Several authors have recommended replacing traditional care plans with concept mapping (5,9,20). The rationale for this recommendation is based on the notion that care plans typically are done in a retrospective manner with emphasis on students' using the correct format as they develop a single patient problem. Often this process is very structured, resulting in students' copying information directly from textbooks.

The Identification of Research Studies A literature review was conducted to identify research studies on the use of concept mapping as a teaching-learning method in nursing education. Computerized searches of PubMed, CINAHL, ERIC, and Academic Search Premier databases from 1980 to November 2004 used the following keywords: concept mapping, nursing education, and research. The goal was to find evidence on which to base nursing education recommendations for the use of concept mapping as a teaching-learning method.
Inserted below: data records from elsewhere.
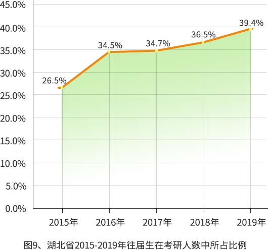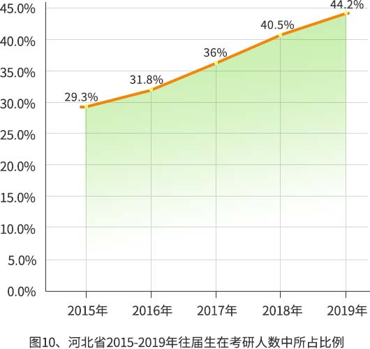 根據(jù)下圖湖北省、河北省2015-2019年往屆生在考研人數(shù)中所占比例可以看出,往屆生選擇考研的越來(lái)越多。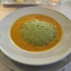Der Ingwer war gut dosiert, die Suppe schön sämig und kleine Karottenstücke mit angenehmen Biss sorgten für Abwechslung. Der Kerbelschaum hatte zwar einen schönen Stand, trug jedoch geschmacklich eher nicht zur Suppe bei: dafür fehlte es ihm leider sind Aroma. Trotzdem war es eine schmackhafte Suppe.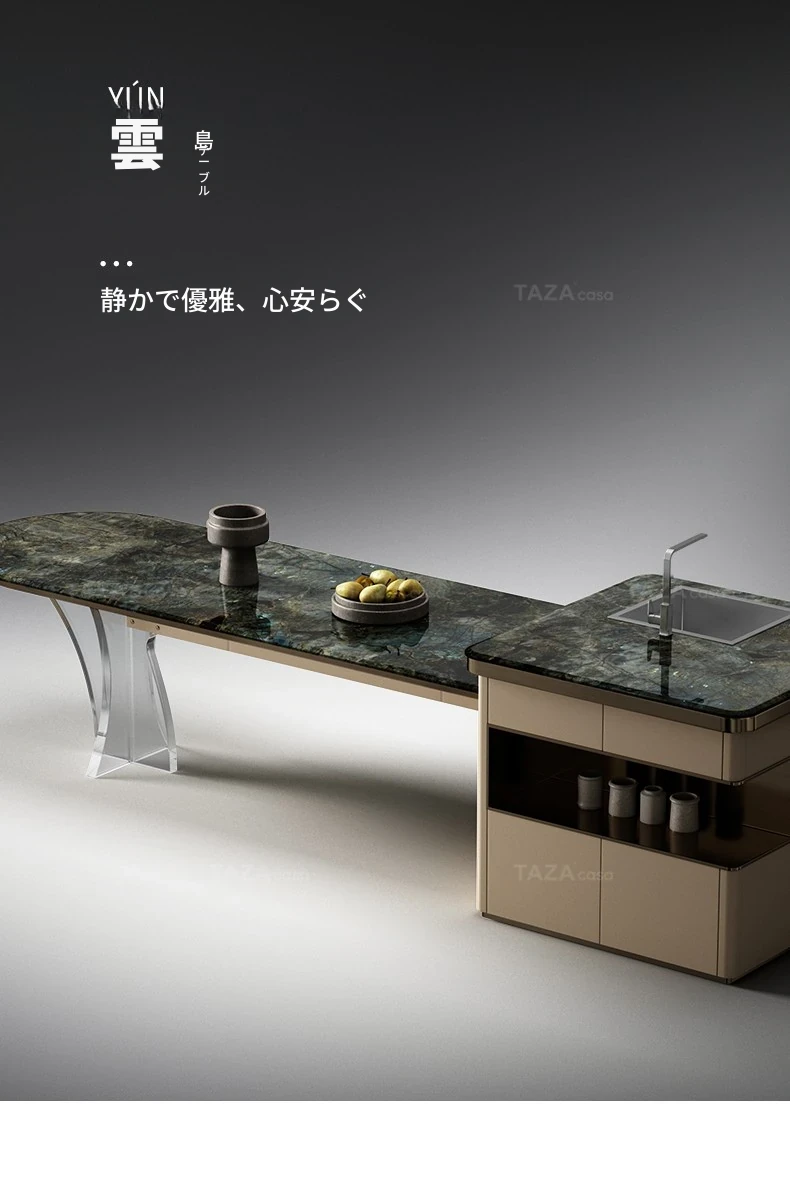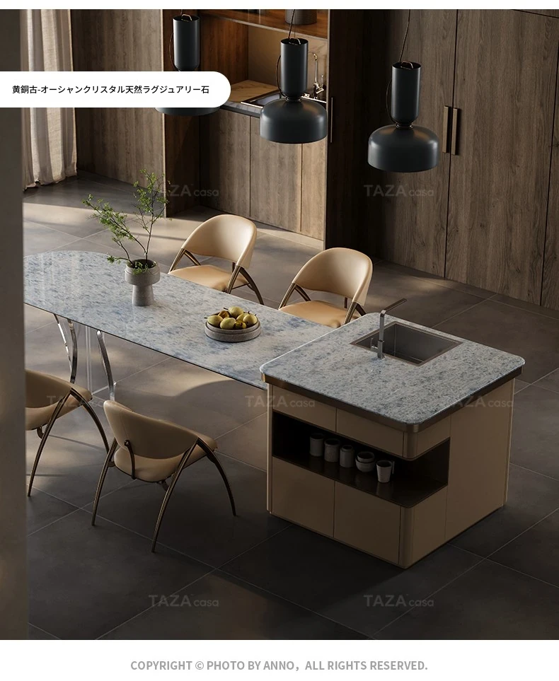 イタリアンミニマリズムのアイランドテーブル - モダンなデザインで軽やかな贅沢感を演出する大平面別荘用家具。洗練されたスタイルで、食事の時間を特別なひとときに変えます。

Seven research studies were found that focus on the use of concept mapping in undergraduate nursing courses such as fundamentals, research, pharmacology, medical-surgical, and pediatrics (21,22,25-29). Five studies were conducted in the United States; two were conducted in Australia. The studies are summarized in Table 1 (page 200).

Of the seven studies, five involved the use of pretests and posttests; two involved posttests only. The mean sample size for all studies was 48 (range 6 to 111 participants). Three had sample sizes between 50 and 100; in three studies, the sample size was less than 50. Methods for sample selection varied. All studies used a convenience sample; two used random selection and one study used random assignment for the selection of participants. Two studies compared control and experimental group outcomes. The duration of the studies ranged from 28 hours to 16 weeks; most studies lasted between 10 and 16 weeks.

Student exposure to concept map development occurred in a variety of ways. In five studies, students were exposed to concept maps through classroom instruction, handouts, and examples. In one study, the researchers interviewed students and clinical instructors and constructed concept maps based on their comments and on information in the course syllabus. These were provided to students and clinical instructors for their review and input prior to data analysis. In the last study, the method of exposure was unclear.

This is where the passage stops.